If we could fault Janesville Superintendent of Schools Karen Schulte for one thing regarding her China initiative, which is part of the Janesville International Education Program, it is a lack of communication with the school board and the public.
Granted, this is a new and uncharted venture, and it's impossible for Schulte to know every turn it will take and every trip it will require. Still, she could have avoided much of the criticism and skepticism that has come her way if she had done a better job of laying out what she knew, when she knew it.
Overall, Schulte's plan to bring students from China and other countries to Janesville to attend our high schools and pay tuition to do so is an innovative approach to helping address the challenges before the district and the goals that have been set for her.
The world is smaller than ever, and it's shrinking more by the day with the growth in technology and increased competition in the world marketplace. The idea of Janesville students learning beside young people from other countries and cultures—and learning from them, as well—has considerable merit and could give local students advantages as they move to their next levels of education and into the jobs of the future.

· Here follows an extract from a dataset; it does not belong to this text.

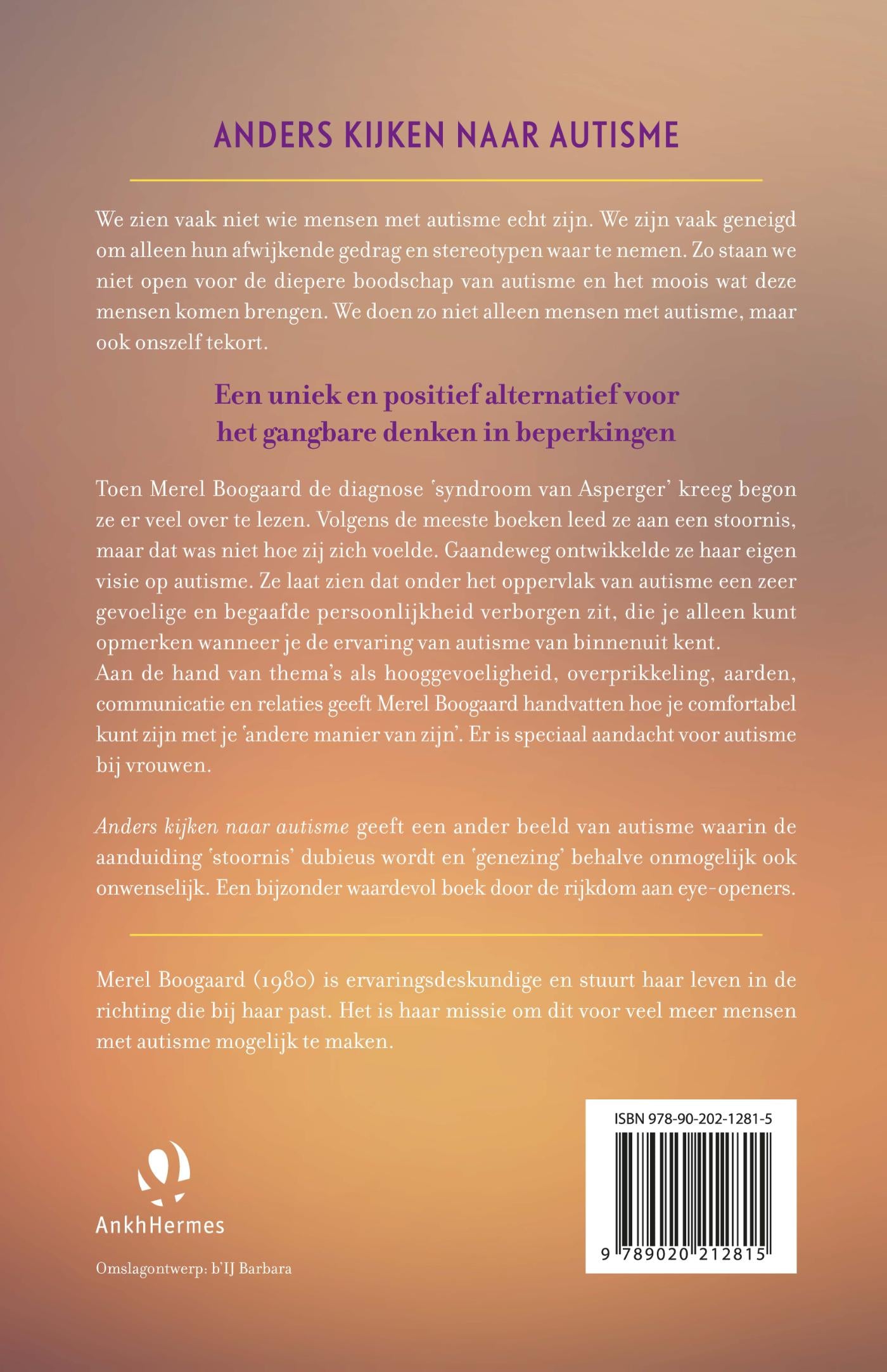 Met Anders kijken naar autisme biedt een uniek en positief alternatief voor het gangbare denken over autisme. Ruim 1% van de Nederlanders, zo’n 190.000 mensen, heeft een vorm van autisme. Ook Boogaard, bij wie Asperger vastgesteld werd, volgens de reguliere benadering een ‘stoornis’, al komt dat niet overeen met hoe zij zich voelt.

Janesville isn't the first district to go in this direction. Oxford Community Schools in Michigan started a similar program and graduated its first nine Chinese students in June. That initiative is serving as a model for the plans in Janesville.

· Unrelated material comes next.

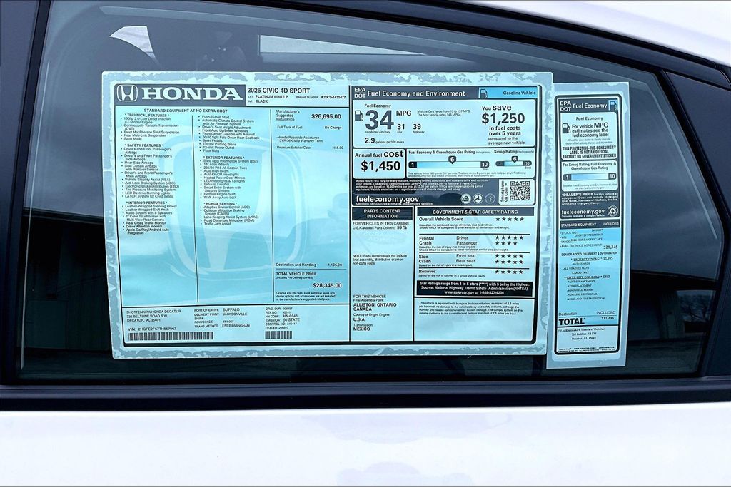 Apple CarPlay, Android Auto, Adaptive Cruise Control, Back Up Camera, Lane Departure, Remote Start, Civic Sport, 2.0L I4 DOHC 16V, FWD, Platinum, Nh-883p/Black Artificial Leather. Platinum 2026 Honda Civic Sport FWD CVT 2.0L I4 DOHC 16V

Besides enhancing international exposure and learning of Janesville students, the local initiative has the potential to address two primary goals that the school board has established for Schulte: increase enrollment and find new revenue.
It's not clear how much tuition the district could charge the foreign students, but that number could be high enough to not only pay for their educations but help support other programs, as well. The district's findings and decisions in this area will be critical to establishing the initiative's potential.
At last Tuesday's meeting, the school board endorsed the program on an 8-1 vote. Kevin Murray, a persistent skeptic of the plan, was the lone “no” vote.
“I don't even know what I'm being asked to approve because I don't see any plan, any budget,” Murray said.
While he stands alone in the level of his concern on the board, others have raised questions, and members of the public have indicated that they aren't satisfied with the amount of information that has been made available.
From the beginning, Schulte should have worked harder at overcommunicating—spelling out every plan that was in place, every trip that was scheduled, every expense that was expected and anything else that board members and the public might want to know about this bold effort. Understandably, she couldn't have foreseen everything, but a solid, detailed plan with timely updates would have been better than having to scramble later to provide desired information.
Going forward, we're intrigued by the possibilities, but Schulte must do a better job of being out front of the questions and upfront with whatever she knows.